I'm trying to create a yes-no field that I can use in a filter within my app. I'm ending up with duplicate rows. The point of the app is to provide a way for people to filter IDs that are in db#1 based on whether or not they exist in db#2. Here's a sample dataset that mimics the raw data I'm working with:
ID, dbnum, dbID
1, 1, EX4502
1, 2, 68465832
2, 1, VM640
3, 1, DX1201
3, 2, 49674828
4, 2, 3857393837
5, 1, VX12
Here's how I'd like to transform the data:
ID, db1ID, db2ID, Has_db2ID
1, EX4502, 68465832, Yes
2, VM640, , No
3, DX1201, 49674828, Yes
4, , 3857393837, Yes
5, VX12, , No
Here's the load query I'm using:
SET cYES = Dual('Yes', 1);
SET cNO = Dual('No', 0);
DB2:
LOAD
ID,
If(dbnum = '1', dbID) as db1ID
FROM [file]
(qvd)
WHERE match(dbnum, '1');
left keep LOAD
ID,
If(dbnum = '2', dbID) as db2ID,
If(db = '2', $(cYES), $(cNO)) as Has_db2ID
FROM [file]
(qvd)
WHERE match(dbnum, '2', '1');
I end up with data that looks and behaves like this:
ID, db1ID, db2ID, Has_db2ID
1, EX4502, , No
1, EX4502, 68465832, Yes
Within a table that displays the data, if I filter by ID = 1 I get multiple rows as above. I have a map in my app that lights up for ID = 1 when I filter for both yes and no values for Has_db2ID (after I load this data I'm also loading geospatial & other data that contains ID).
I've tried with resident loads, concatenating & other ways of creating the yes/no field, but still got the same result (or introduced other issues that still didn't get rid of the extra row).

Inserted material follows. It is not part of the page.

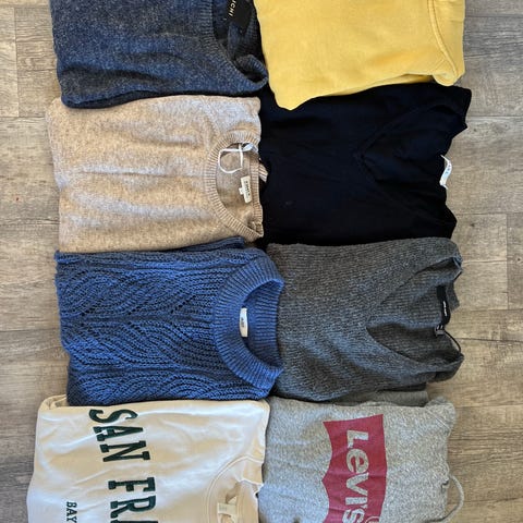 Selger et veldig pent brukt klespakke med gensere for dame. Plagene er lite til veldig pent brukt. Blanding av tynne og tykke gensere.

I need a data model that gives me one row per ID. Thanks for any advice!
Try this may be:
Table:
LOAD * Inline [
ID, dbnum, dbID
1, 1, EX4502
1, 2, 68465832
2, 1, VM640
3, 1, DX1201
3, 2, 49674828
4, 2, 3857393837
5, 1, VX12
];
TempTable:
LOAD ID,
dbID as db1ID
Resident Table
Where dbnum = 1;
Join (TempTable)
LOAD ID,
dbID as db2ID,
'Yes' as Has_db2ID
Resident Table
Where dbnum = 2;
FinalTable:
NoConcatenate
LOAD ID,
db1ID,
db2ID,
If(IsNull(Has_db2ID), 'No', Has_db2ID) as Has_db2ID
Resident TempTable;
DROP Table Table, TempTable;
Try this may be:
Table:
LOAD * Inline [
ID, dbnum, dbID
1, 1, EX4502
1, 2, 68465832
2, 1, VM640
3, 1, DX1201
3, 2, 49674828
4, 2, 3857393837
5, 1, VX12
];
TempTable:
LOAD ID,
dbID as db1ID
Resident Table
Where dbnum = 1;
Join (TempTable)
LOAD ID,
dbID as db2ID,
'Yes' as Has_db2ID
Resident Table
Where dbnum = 2;
FinalTable:
NoConcatenate
LOAD ID,
db1ID,
db2ID,
If(IsNull(Has_db2ID), 'No', Has_db2ID) as Has_db2ID
Resident TempTable;
DROP Table Table, TempTable;
Seems close, but it's not retaining the 'yes' values for Has_db2ID. It gives me only this result:
1, EX4502, , No
And cuts this result, which is the one I need:
1, EX4502, 68465832, Yes
Experimenting with the If(IsNull... line in FinalTable to see if I can make it work.
Is this not the output you are looking for? I got this using the same script I provided above
Yep, you're right. Your file does it perfectly.
In my app, I was limiting some of the data on ingest, and it was causing the issue. I think I"m all set now.
Thank you, Sunny T! Much appreciated.